Title :
Enhanced voice activity detection using acoustic event detection and classification
Author :
Cho, Namgook ; Kim, Eun-Kyoung
Author_Institution :
Digital Media & Commun. R&D Center, Samsung Electron., Suwon, South Korea
fDate :
2/1/2011 12:00:00 AM
Abstract :
We examine user-friendly voice interface that requires the hands-free speech acquisition in the continuously listening environment. The traditional voice activity detection (VAD) algorithms cannot successfully identify potential acoustic event sounds from speech. This makes the speech recognition system frequently or incorrectly activated. In this paper, we propose a novel voice activity detection technique that consists of two major modules: 1) classification and 2) detection module.
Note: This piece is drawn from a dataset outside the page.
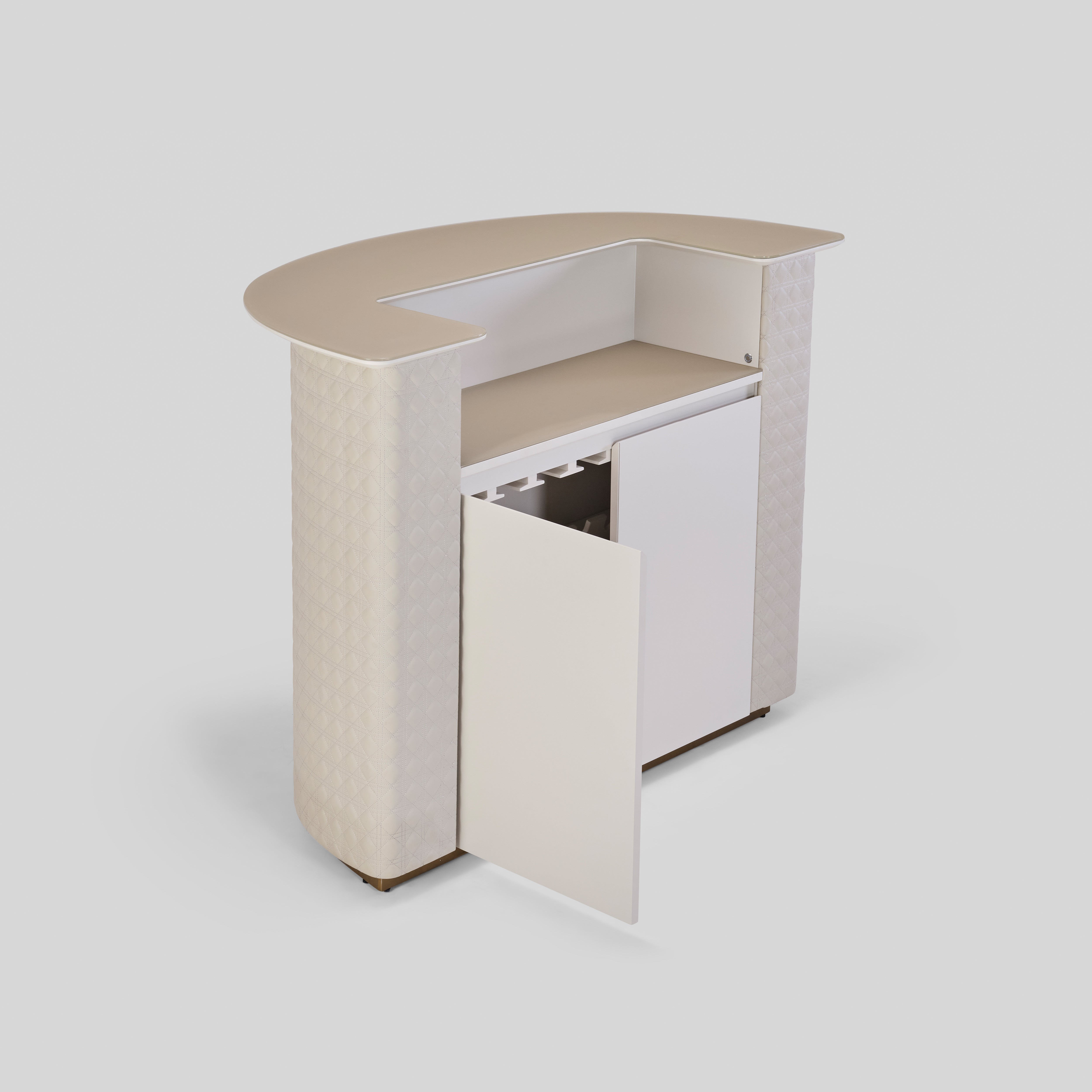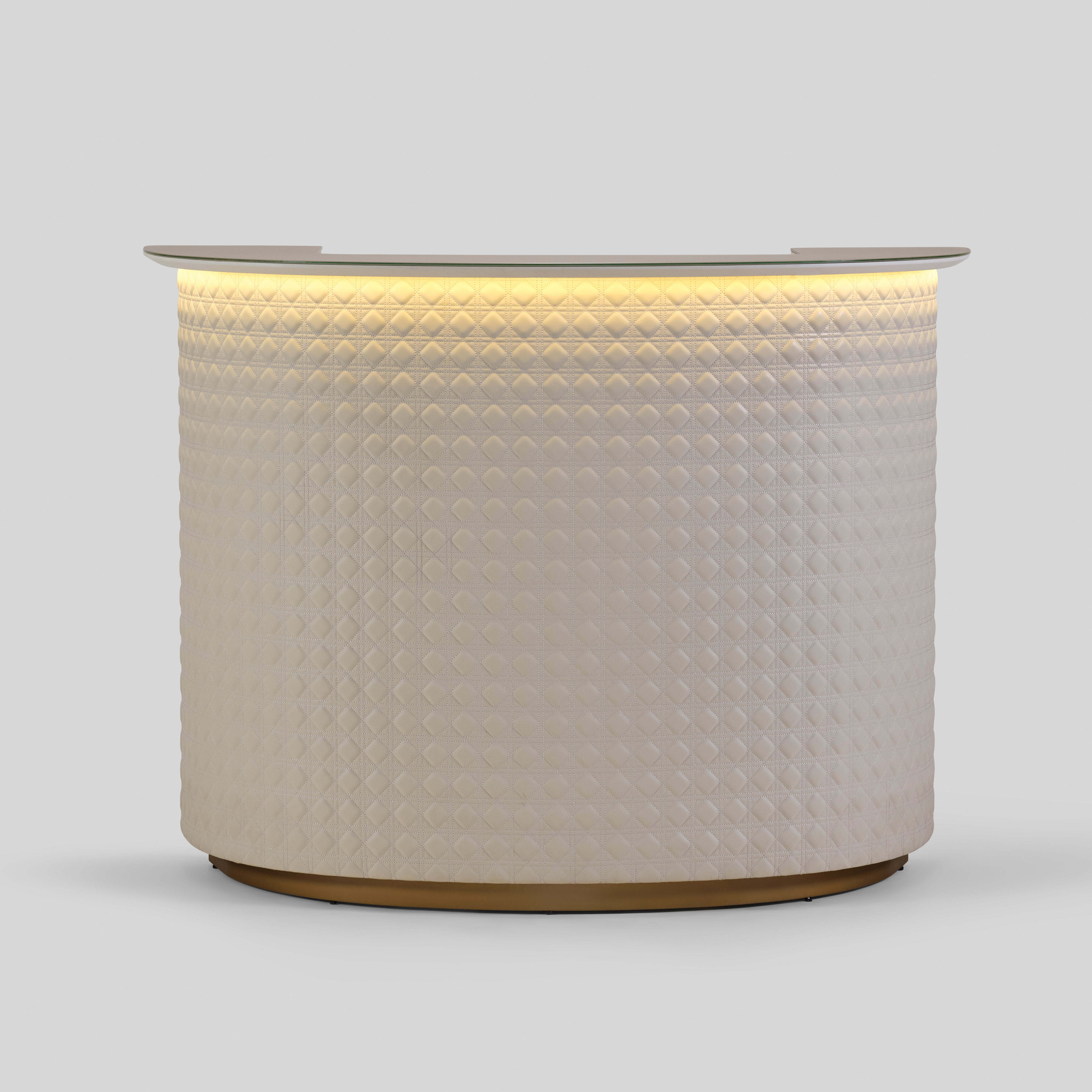 - Front in quilted leatherette with infused light details

In the classification module, we label the successive audio segments based on the training models. Then, in the detection module, we remove the acoustic event sounds and make decision of the explicit utterance boundary from the input audio stream. As a result, the proposed technique enables the efficient operation of speech recognition in the continuously listening environment without any touch and/or key input. Experiments in a real-world environment and performance comparison with state-of-the-art techniques are conducted to demonstrate the effectiveness of the proposed technique.
Keywords :
speech recognition; acoustic event detection; audio segmentation; audio stream; enhanced voice activity detection; hand free speech acquisition; speech recognition; user friendly voice interface; Acoustics; Classification algorithms; Indexes; Speech; Speech recognition; Support vector machines; Training; Acoustic event detection and classification; continuously listening environment; voice activity detection; voice interface;
Journal_Title :
Consumer Electronics, IEEE Transactions on
DOI :
10.1109/TCE.2011.5735502